In two weeks, teams at Brown University and remote teams from across the nation will race head-to-head to solve puzzles written by the University’s puzzle club.
Brown Puzzlehunt 2024 is the Brown Puzzle Club’s second annual puzzle hunt. On the weekend of April 13 and 14, teams will solve a series of puzzles that build upon each other and progressively increase in difficulty.
“When you solve a puzzle, you unlock more puzzles,” said Nishka Pant ’24, one of the club’s founders and the general director of the hunt. “The goal of the hunt is to be the first to get to the end — to solve all the puzzles … and unlock the story that goes along with it.”
Each team that enters the competition pretends to be a novice detective group working to solve new cases — which come as a series of puzzles — that are passed onto their desk. The team that first finishes solving all of these “cases” wins the “Brown Investigation Bureau’s prestigious ‘Detective of the Month’ award,” according to the website.
The hunt features a diverse range of puzzles designed to appeal to different interests and niches, according to Lorenzo Mahoney ’24, a puzzle writer and organizer of the hunt.
“We’ve designed this hunt to be a relatively easy introduction to puzzle hunting for beginner teams, while also showcasing what makes puzzle hunts so fun,” the website reads.
Last year, Brown Puzzlehunt 2023 featured 248 teams, 652 participants and 1919 total solves, according to the website. Thanks to a successful hunt last year, the team is excited to create an even bigger and better puzzle hunt this year, according to Pant.
Despite last year’s supersized turnout, Brown Puzzle Club is one of the newest clubs on campus. The club emerged after a dinner discussion among a group of friends interested in puzzles, according to Pant.
“At our first activities fair, when we weren’t even a real club yet, we had 150 signups, which was quite crazy,” she said. “We’ve really grown since the three of us had that off-hand dinner.”
The group began planning this year’s hunt in September 2023, with the combined efforts of the puzzle construction, tech and design, testing, and art and story teams, along with countless puzzle tests by general club members.
The diverse skill set of the developers means that the club can bring unique perspectives to the puzzles they write. “There’s a puzzle for everyone,” Mahoney said. “And if that puzzle doesn’t exist, you can write it.”
The one thing that all members appear to have in common is a love for puzzles.
“The reason I love puzzle hunts is because they show what we can make when we are not constrained,” said Thomas Gordon ’26, the puzzle construction director for the hunt.
“Puzzles are the art of designing the experience of showing people interesting things,” Gordon added.
When developing puzzles for the hunt, it can be difficult to strike a balance between a puzzle that is too easy versus one that is too difficult, organizers said.

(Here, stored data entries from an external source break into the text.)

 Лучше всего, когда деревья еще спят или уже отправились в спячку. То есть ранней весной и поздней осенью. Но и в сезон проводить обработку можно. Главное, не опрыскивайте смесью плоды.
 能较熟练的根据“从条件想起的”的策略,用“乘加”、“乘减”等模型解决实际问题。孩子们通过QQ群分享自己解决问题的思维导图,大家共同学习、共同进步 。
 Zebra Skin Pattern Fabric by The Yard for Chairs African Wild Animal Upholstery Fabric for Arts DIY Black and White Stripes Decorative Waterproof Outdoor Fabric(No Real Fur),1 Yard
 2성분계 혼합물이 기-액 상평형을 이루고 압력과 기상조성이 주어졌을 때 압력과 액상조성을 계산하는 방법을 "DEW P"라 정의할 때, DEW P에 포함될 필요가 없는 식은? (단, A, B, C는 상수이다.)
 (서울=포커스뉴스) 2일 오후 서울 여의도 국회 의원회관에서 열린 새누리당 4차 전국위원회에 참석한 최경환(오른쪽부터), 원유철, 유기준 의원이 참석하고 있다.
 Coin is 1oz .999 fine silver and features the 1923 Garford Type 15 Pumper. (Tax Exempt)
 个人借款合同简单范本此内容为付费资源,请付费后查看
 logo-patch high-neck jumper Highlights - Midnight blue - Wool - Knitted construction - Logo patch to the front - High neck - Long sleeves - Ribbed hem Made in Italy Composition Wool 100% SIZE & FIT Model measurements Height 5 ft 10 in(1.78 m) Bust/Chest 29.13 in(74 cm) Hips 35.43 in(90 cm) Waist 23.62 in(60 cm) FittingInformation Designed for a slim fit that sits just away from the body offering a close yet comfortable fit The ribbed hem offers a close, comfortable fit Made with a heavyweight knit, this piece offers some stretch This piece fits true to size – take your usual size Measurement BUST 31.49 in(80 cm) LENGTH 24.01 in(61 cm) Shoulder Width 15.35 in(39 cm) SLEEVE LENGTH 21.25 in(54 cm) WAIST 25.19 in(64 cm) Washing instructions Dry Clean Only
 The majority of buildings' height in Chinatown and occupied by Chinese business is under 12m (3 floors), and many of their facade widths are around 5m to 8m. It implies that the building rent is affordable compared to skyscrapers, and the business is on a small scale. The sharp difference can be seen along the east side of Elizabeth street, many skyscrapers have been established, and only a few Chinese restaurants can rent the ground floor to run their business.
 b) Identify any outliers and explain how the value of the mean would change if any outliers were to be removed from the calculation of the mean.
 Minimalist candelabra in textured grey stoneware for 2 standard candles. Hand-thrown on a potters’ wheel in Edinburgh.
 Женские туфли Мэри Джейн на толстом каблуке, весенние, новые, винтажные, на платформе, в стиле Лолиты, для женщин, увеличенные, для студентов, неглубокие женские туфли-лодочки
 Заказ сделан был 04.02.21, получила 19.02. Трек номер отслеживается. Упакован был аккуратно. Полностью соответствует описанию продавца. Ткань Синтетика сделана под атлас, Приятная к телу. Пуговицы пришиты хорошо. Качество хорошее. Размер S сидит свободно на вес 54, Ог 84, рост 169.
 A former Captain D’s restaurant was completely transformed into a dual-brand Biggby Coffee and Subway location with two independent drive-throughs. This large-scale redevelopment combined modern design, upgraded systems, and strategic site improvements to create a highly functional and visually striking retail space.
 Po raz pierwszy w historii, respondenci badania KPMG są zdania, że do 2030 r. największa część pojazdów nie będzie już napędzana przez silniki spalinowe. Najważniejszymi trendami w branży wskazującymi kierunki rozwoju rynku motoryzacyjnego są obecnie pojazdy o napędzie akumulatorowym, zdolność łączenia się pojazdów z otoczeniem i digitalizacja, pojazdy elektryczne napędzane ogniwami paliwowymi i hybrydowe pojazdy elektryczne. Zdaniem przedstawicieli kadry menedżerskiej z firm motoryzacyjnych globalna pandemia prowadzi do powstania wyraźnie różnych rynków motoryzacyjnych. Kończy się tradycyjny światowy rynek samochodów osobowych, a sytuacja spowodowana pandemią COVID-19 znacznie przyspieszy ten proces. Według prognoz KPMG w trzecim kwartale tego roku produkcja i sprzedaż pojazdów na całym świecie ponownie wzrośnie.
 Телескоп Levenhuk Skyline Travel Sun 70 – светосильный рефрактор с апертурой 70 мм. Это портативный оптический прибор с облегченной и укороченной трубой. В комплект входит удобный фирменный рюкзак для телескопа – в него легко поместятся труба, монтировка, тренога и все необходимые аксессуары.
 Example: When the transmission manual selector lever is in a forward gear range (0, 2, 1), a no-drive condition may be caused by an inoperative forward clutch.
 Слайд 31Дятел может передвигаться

“A lot of puzzle construction works around this language of canning these ‘Aha!’ moments that you want the person to have,” said Orion Bloomfield ’24, one of the club’s founders and the hunt’s tech and design director.
This year, the Brown Puzzle Club aims to create a more accessible puzzle experience for students.
“Anyone can come to kick off, look at the opening puzzles and have fun,” Gordon said. “We’re really trying to make the hunt as casual and (as) easy as possible for anyone, regardless of experience, to get into.”
For Senior Lecturer in Mathematics Dan Katz, it’s also the “intentional ‘Aha!’ moment” that appeals to him when solving puzzles.
Katz, who participated in last year’s puzzle hunt, expressed excitement about this year’s event.
“I think the best way to get people interested in (puzzles) is to have something in their backyard,” Katz said in an interview with The Herald.
Like Katz, the hunt’s developers are also excited to see how this year’s event plays out.
“There’s not been a new event on campus in a very long time,” Bloomfield said. “So it’s very terrifying, but also so exciting to make something new and that’s, at its core, very unserious.”